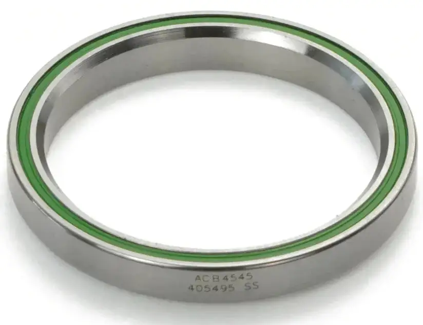 Angular-contact headset bearing featuring 440C stainless steel balls and races for superior corrosion protection.
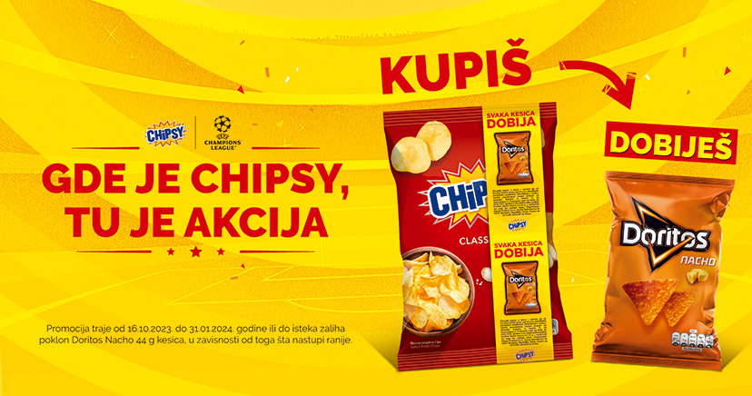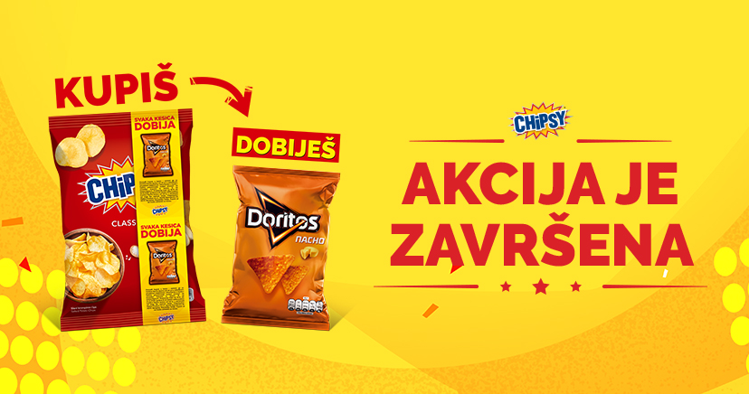 Obaveštavamo vas da je promocija “CHIPSY - Svaka kesica dobija” završena. Ovom prilikom se zahvaljujemo na izuzetnom interesovanju za naše aktivnosti! Zamenske kupone iz kesica obeleženih promotivnom trakom više nije moguće zameniti za gratis Doritos Nacho 44g kesice na obeleženim prodajnim mestima.
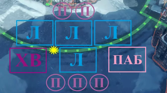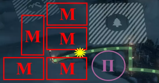 - 蒸汽中心3号。 М - 工坊。 П - 帐篷。属于任务1,但标注出来是为了更清晰。 附:工坊不会影响前哨站,此为示意图的简化设定。 热力区域4号(TZ4)布局图:
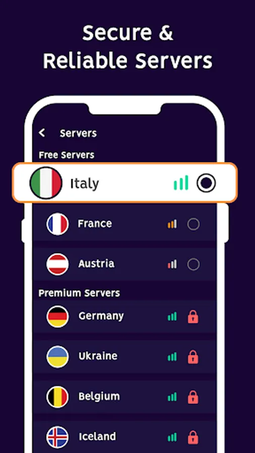 Quick VPN has premium servers for premium customers with enhanced speed and security. Users can enjoy server of their favorite location for unblocking content or any other purpose.
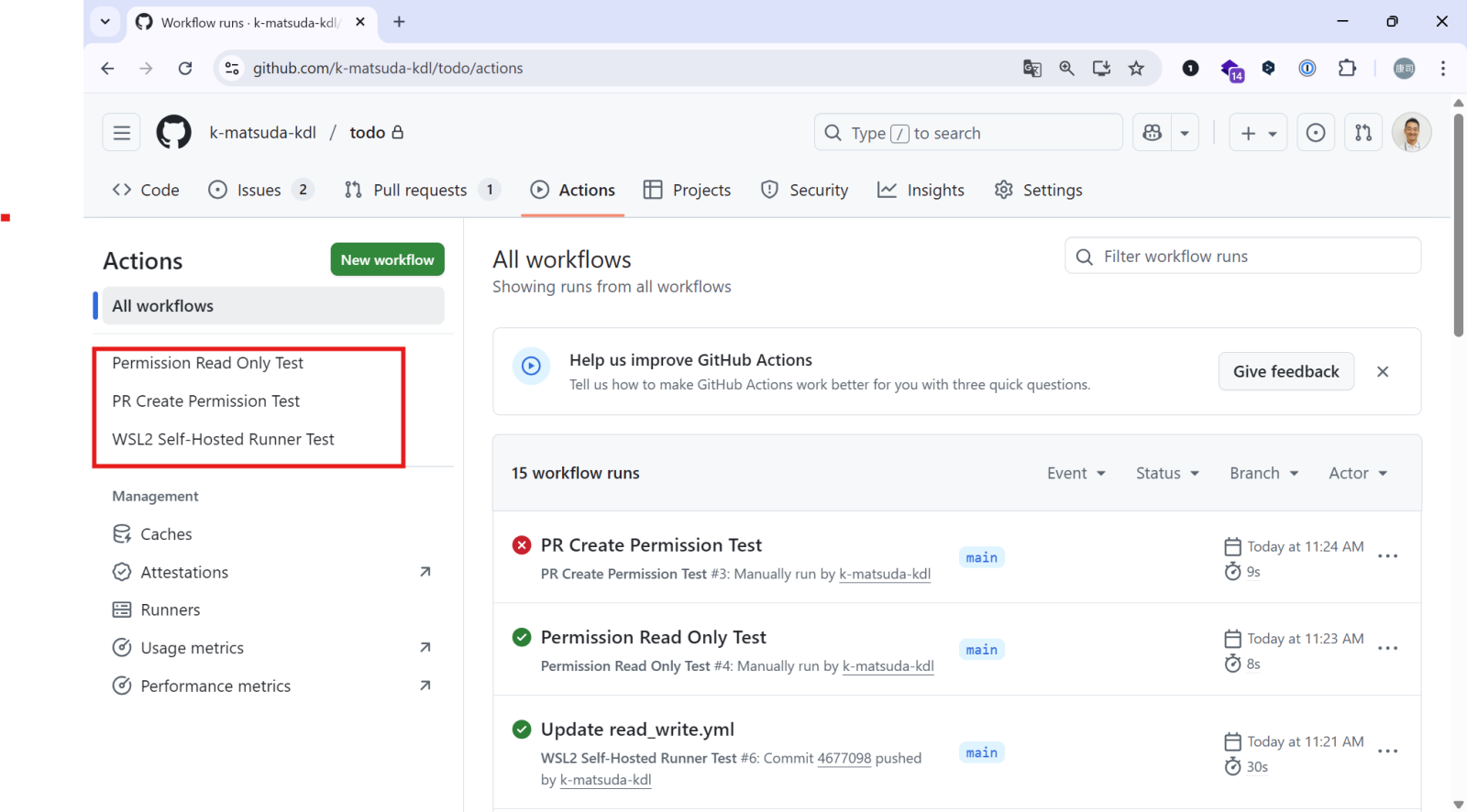 無効化しておけば、万が一workflowファイルが作成されたとしても、実行されることはありません。手元の検証では、私が自作したSelf Hosted Runnerは、無効化すると動作しませんでした。
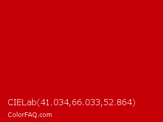 CIELab 41.034,66.033,52.864 Color is a normal red color and the nearest color is Boston University Red #cc0000. Hex code #c50007 and RGB value is rgb(197,0,7). In RGB color space, this color is composed of 77% red, 0% green, 3% blue, In CMYK color space, this color is composed of 0% cyan, 100% magenta, 96% yellow , 23% black , In HSL color space, this color has a hue angle of 358° , 100% saturation and 39% lightness.
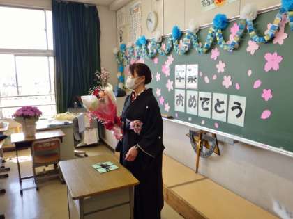 学活の時間の最後に、担任の先生に感謝とサプライズの花束を手渡しました。
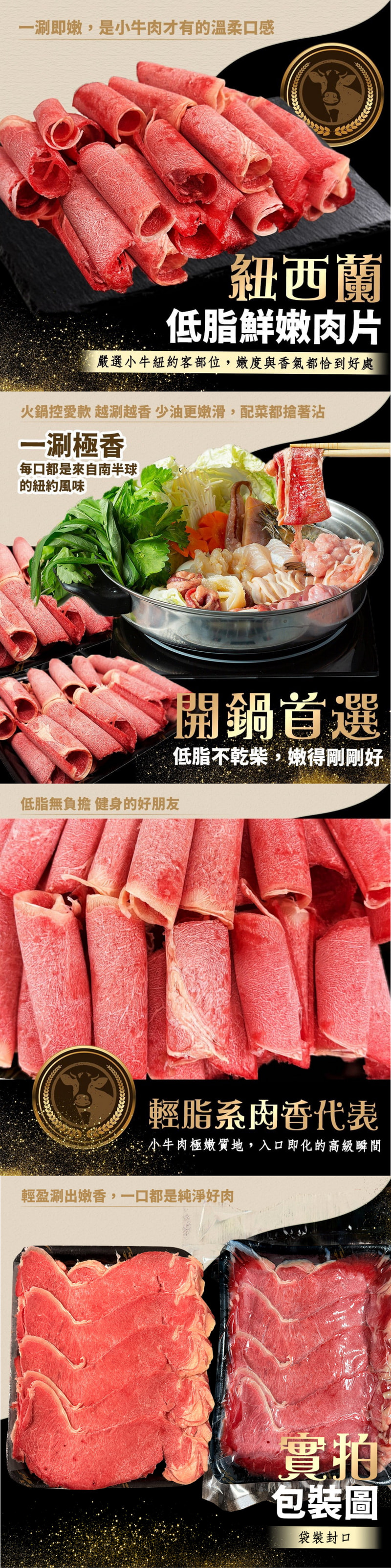 嚴選紐西蘭草飼牛低脂部位,肉質細緻、油花少卻依然柔嫩多汁。高蛋白、低脂肪,無論是健身族、控制飲食或家庭料理都適合。可火鍋涮煮、快炒、燒烤或壽喜燒,口感鮮嫩不柴、香氣自然甘甜。紐西蘭純淨牧場飼養,肉質健康無腥味。退冰即煮,輕鬆上桌,美味無負擔。 商品品名:紐西蘭低脂鮮嫩肉片 商品組合/規格:2包 淨重、容量.(含液商品需標註固形物):300g±3%/包 內容物成分(全展開)成分有豬及牛的需於背後標註產地:牛肉 原產地(國):紐西蘭 製造廠商或國內負責廠商名稱:好神國際股份有限公司 製造廠商或國內負責廠商地址:新北市中和區新民街94巷11號 製造廠商或國內負責廠商電話:02-82267886 保存期限:冷凍保存12個月(有效日期: 標示於包裝上) 食品業者登錄字號:H-154230747-00000-7 投保產品責任險字號:第一產物保險產品責任險保單號1000字第14PR000651號 過敏原:無 ※由於肉品、海鮮及蔬菜等生鮮產品,天然生長大小本就有所差異,實際商品可能在外觀、形狀上略有不同。商品以「實際重量」為準,敬請理解並放心選購。 備註: 本產品屬"冷凍食品"無7天鑑賞期退換貨。 基於食品衛生考量,除商品本身瑕疵外,商品一經拆封後,不可退貨,且退貨時請保留紙箱及商品,並於到貨後24小時內以電話、LINE@:@shg4038g或網站中的"聯絡我們",我們會盡全力協助您處理,謝謝。 生鮮肉品皆為原裝進口原肉現切,故無任何添加及醃漬嫩化,如需軟嫰肉質,請自行斷筋及醃漬嫩化。 生鮮肉品因真空包裝缺氧,顏色呈暗紅色是正常現象。 宅配過程因商品碰撞可能導致失去真空效果,未退冰狀況下,並不影響商品的新鮮度,請放心食用! 好神國際所提供的產品配送區域範圍目前僅限台灣本島。 若商品無問題,因個人因素(口味、觀念、認知、料理方式問題),欲退換貨,需付物流處理費用250元,商品依溫層保存,外包裝保持原狀,如商品狀態受損者將影響退換貨權益。 商品顏色可能因各顯示器設定而有差異,依實際供貨商品為準。 商品之實際配貨日期、退換貨日期,以通知之內容為準。 收到退貨之商品且確認無誤後,7-14個工作天內辦理退款。
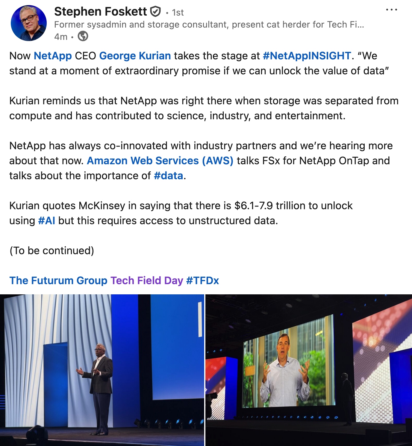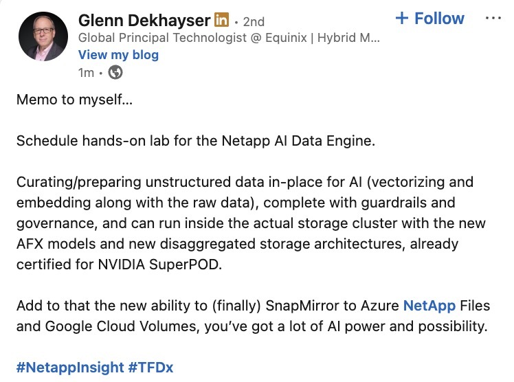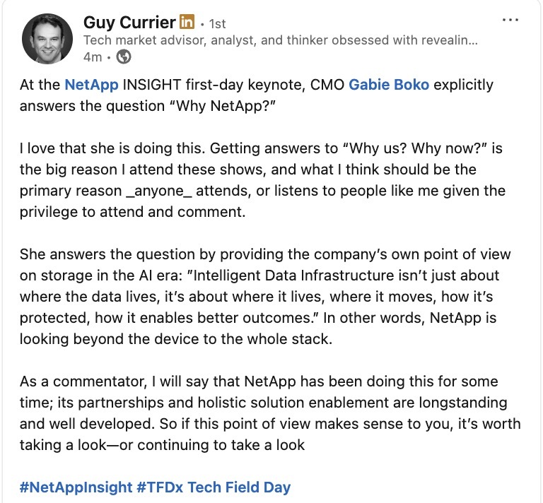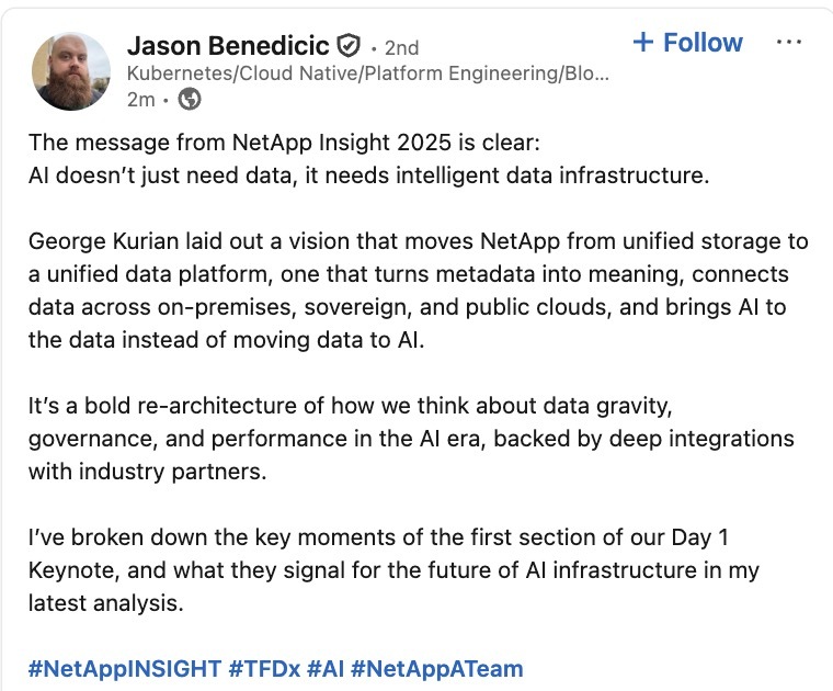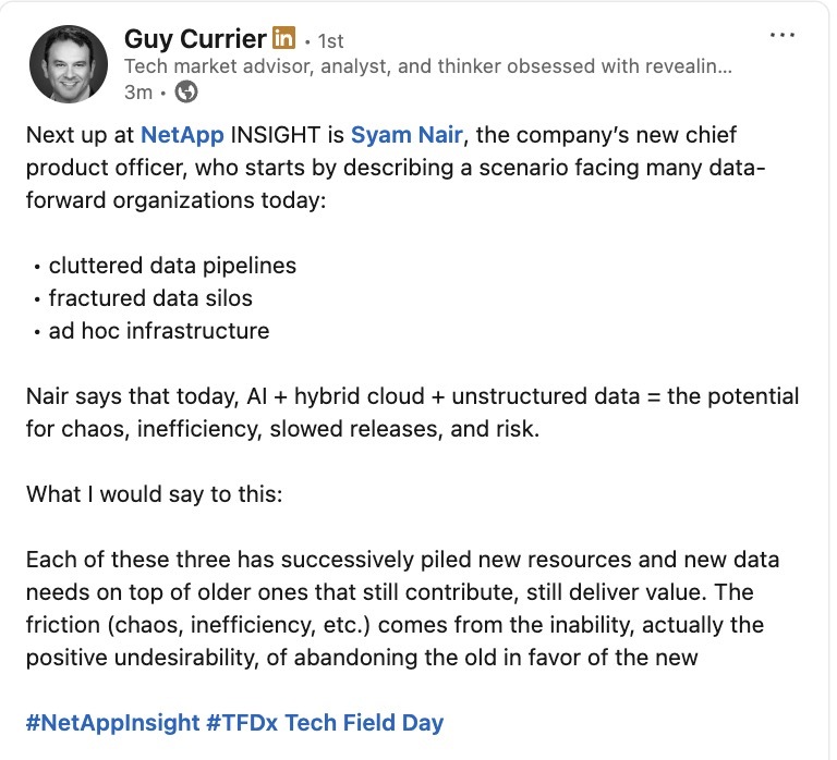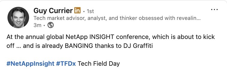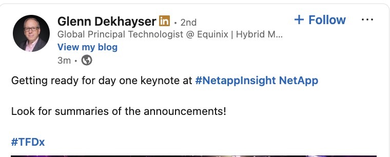 Follow along as the #TFDx delegates report from the #NetAppINSIGHT keynote with our "reverse" live blog! We're collecting the best social media posts here!techfieldday.com/2025/tech-fi…

··········

- ACTIVITY -
All of the data must be given again exactly, without the pictures.

- ANSWER BOX -
 Angular-contact headset bearing featuring 440C stainless steel balls and races for superior corrosion protection.
 Obaveštavamo vas da je promocija “CHIPSY - Svaka kesica dobija” završena. Ovom prilikom se zahvaljujemo na izuzetnom interesovanju za naše aktivnosti! Zamenske kupone iz kesica obeleženih promotivnom trakom više nije moguće zameniti za gratis Doritos Nacho 44g kesice na obeleženim prodajnim mestima.
 - 蒸汽中心3号。 М - 工坊。 П - 帐篷。属于任务1,但标注出来是为了更清晰。 附:工坊不会影响前哨站,此为示意图的简化设定。 热力区域4号(TZ4)布局图:
 Quick VPN has premium servers for premium customers with enhanced speed and security. Users can enjoy server of their favorite location for unblocking content or any other purpose.
 無効化しておけば、万が一workflowファイルが作成されたとしても、実行されることはありません。手元の検証では、私が自作したSelf Hosted Runnerは、無効化すると動作しませんでした。
 CIELab 41.034,66.033,52.864 Color is a normal red color and the nearest color is Boston University Red #cc0000. Hex code #c50007 and RGB value is rgb(197,0,7). In RGB color space, this color is composed of 77% red, 0% green, 3% blue, In CMYK color space, this color is composed of 0% cyan, 100% magenta, 96% yellow , 23% black , In HSL color space, this color has a hue angle of 358° , 100% saturation and 39% lightness.
 学活の時間の最後に、担任の先生に感謝とサプライズの花束を手渡しました。
 嚴選紐西蘭草飼牛低脂部位,肉質細緻、油花少卻依然柔嫩多汁。高蛋白、低脂肪,無論是健身族、控制飲食或家庭料理都適合。可火鍋涮煮、快炒、燒烤或壽喜燒,口感鮮嫩不柴、香氣自然甘甜。紐西蘭純淨牧場飼養,肉質健康無腥味。退冰即煮,輕鬆上桌,美味無負擔。 商品品名:紐西蘭低脂鮮嫩肉片 商品組合/規格:2包 淨重、容量.(含液商品需標註固形物):300g±3%/包 內容物成分(全展開)成分有豬及牛的需於背後標註產地:牛肉 原產地(國):紐西蘭 製造廠商或國內負責廠商名稱:好神國際股份有限公司 製造廠商或國內負責廠商地址:新北市中和區新民街94巷11號 製造廠商或國內負責廠商電話:02-82267886 保存期限:冷凍保存12個月(有效日期: 標示於包裝上) 食品業者登錄字號:H-154230747-00000-7 投保產品責任險字號:第一產物保險產品責任險保單號1000字第14PR000651號 過敏原:無 ※由於肉品、海鮮及蔬菜等生鮮產品,天然生長大小本就有所差異,實際商品可能在外觀、形狀上略有不同。商品以「實際重量」為準,敬請理解並放心選購。 備註: 本產品屬"冷凍食品"無7天鑑賞期退換貨。 基於食品衛生考量,除商品本身瑕疵外,商品一經拆封後,不可退貨,且退貨時請保留紙箱及商品,並於到貨後24小時內以電話、LINE@:@shg4038g或網站中的"聯絡我們",我們會盡全力協助您處理,謝謝。 生鮮肉品皆為原裝進口原肉現切,故無任何添加及醃漬嫩化,如需軟嫰肉質,請自行斷筋及醃漬嫩化。 生鮮肉品因真空包裝缺氧,顏色呈暗紅色是正常現象。 宅配過程因商品碰撞可能導致失去真空效果,未退冰狀況下,並不影響商品的新鮮度,請放心食用! 好神國際所提供的產品配送區域範圍目前僅限台灣本島。 若商品無問題,因個人因素(口味、觀念、認知、料理方式問題),欲退換貨,需付物流處理費用250元,商品依溫層保存,外包裝保持原狀,如商品狀態受損者將影響退換貨權益。 商品顏色可能因各顯示器設定而有差異,依實際供貨商品為準。 商品之實際配貨日期、退換貨日期,以通知之內容為準。 收到退貨之商品且確認無誤後,7-14個工作天內辦理退款。
 Follow along as the #TFDx delegates report from the #NetAppINSIGHT keynote with our "reverse" live blog! We're collecting the best social media posts here!techfieldday.com/2025/tech-fi…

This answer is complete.